Thousands of investor properties expected to sell this year
Investors are bringing more properties to the market.
6 February 2024
In the latest Tony Alexander/NZHL Property Report 14% of real estate agents say investors are bringing them more properties to sell.
This is the highest reading on record and Alexander says despite the coalition government reinstating tax deductibility to 100% next year, many investors “are of a mind to reduce their presence in the rental sector”.
The government’s intention to bring the Brightline test back from 10 years to two years in July is expected to result in a wave of investor selling – perhaps tens of thousands of properties.
When the Brightline changes in July, about 250,000 properties will be outside the test. Not all of these will be investor-owned properties, perhaps 75,000-100,000 will fall into this category. Not all of these will come on to the market, but property pundits are picking 1-10% will as investors struggle with cashflow and are chomping at the bit to sell. That will make a big dent in the supply of rentals.
However, agents are noticing more investors in the market to buy. It was not until the end of September that more agents said they were seeing more investors than seeing fewer. Since then, investors have retained their stand, but they are still not that positive as they remain constrained by sharp cost increases.

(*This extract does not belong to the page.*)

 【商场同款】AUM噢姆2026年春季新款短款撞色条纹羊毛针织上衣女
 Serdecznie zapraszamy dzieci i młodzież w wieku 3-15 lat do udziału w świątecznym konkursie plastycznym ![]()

For those investors who are looking to buy, their main motivation is the hope of finding a bargain. There was a list if expectations of price rises over the September quarter, but that gain has now steadied. Interest rates are still too high to act as a buying motivator – in contrast to 2020.

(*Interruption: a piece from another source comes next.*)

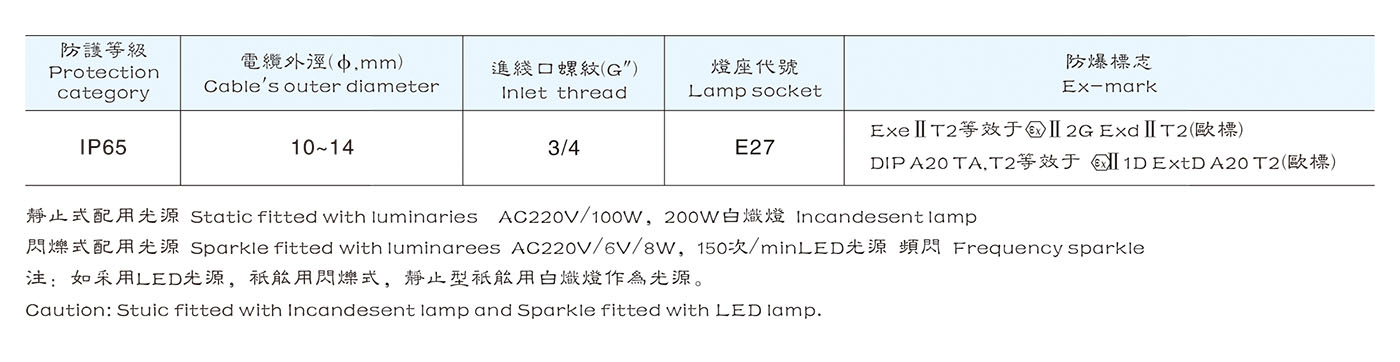 2. 鋼化玻璃燈罩、強度高、耐沖擊,顏色有紅、黃、藍等供選擇;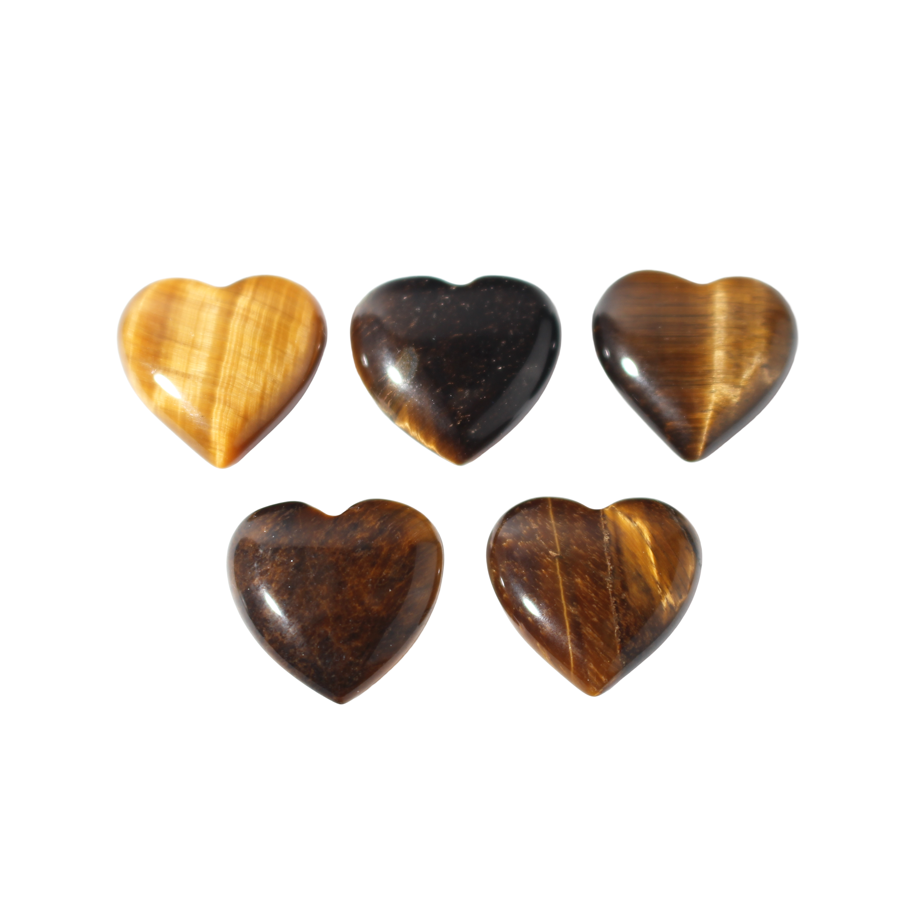 This 5-pack of Tiger Eye Mini Heart Carvings features golden-brown shimmer and a smooth, compact shape, perfect for carrying, gifting, or adding to crystal grids. Each heart reflects strength, focus, and warmth.

The main concerns of all buyers are access to finance, interest rates and not enough listings. Concerns about the availability of finance have remained steady. Credit remains hard to get for many people and is the cause of many deals falling over, according to agents.
Tough times ahead
Meanwhile, building consents continue to drop on an annual basis, reflecting tough times ahead for the building sector and a tighter housing market for prospective buyers, Satish Ranchhod, Westpac’s senior economist says.
Data from Stats NZ shows 39,900 new homes were consented in the year ended October 2023, down 21 per cent compared with the year ended October 2022.
Ranchhod says large increases in interest rates and build costs, and lower home prices, have left prospective buyers feeling nervous about making purchases and developers reluctant to bring new projects to market. “That widespread downturn in consents over the past year reinforces our expectations for a sharp fall in residential construction in 2024. Those we’ve spoken to in the industry have highlighted a sharp drop in forward orders.
“At the same time, population growth is surging, and we expect house price growth will take a step higher this year supported by changes in government policy (such as fully reinstating interest deductibility for rental properties).
“Over time, those factors will help to support building activity. However, tight financial conditions still signal some tough times ahead for the building sector.”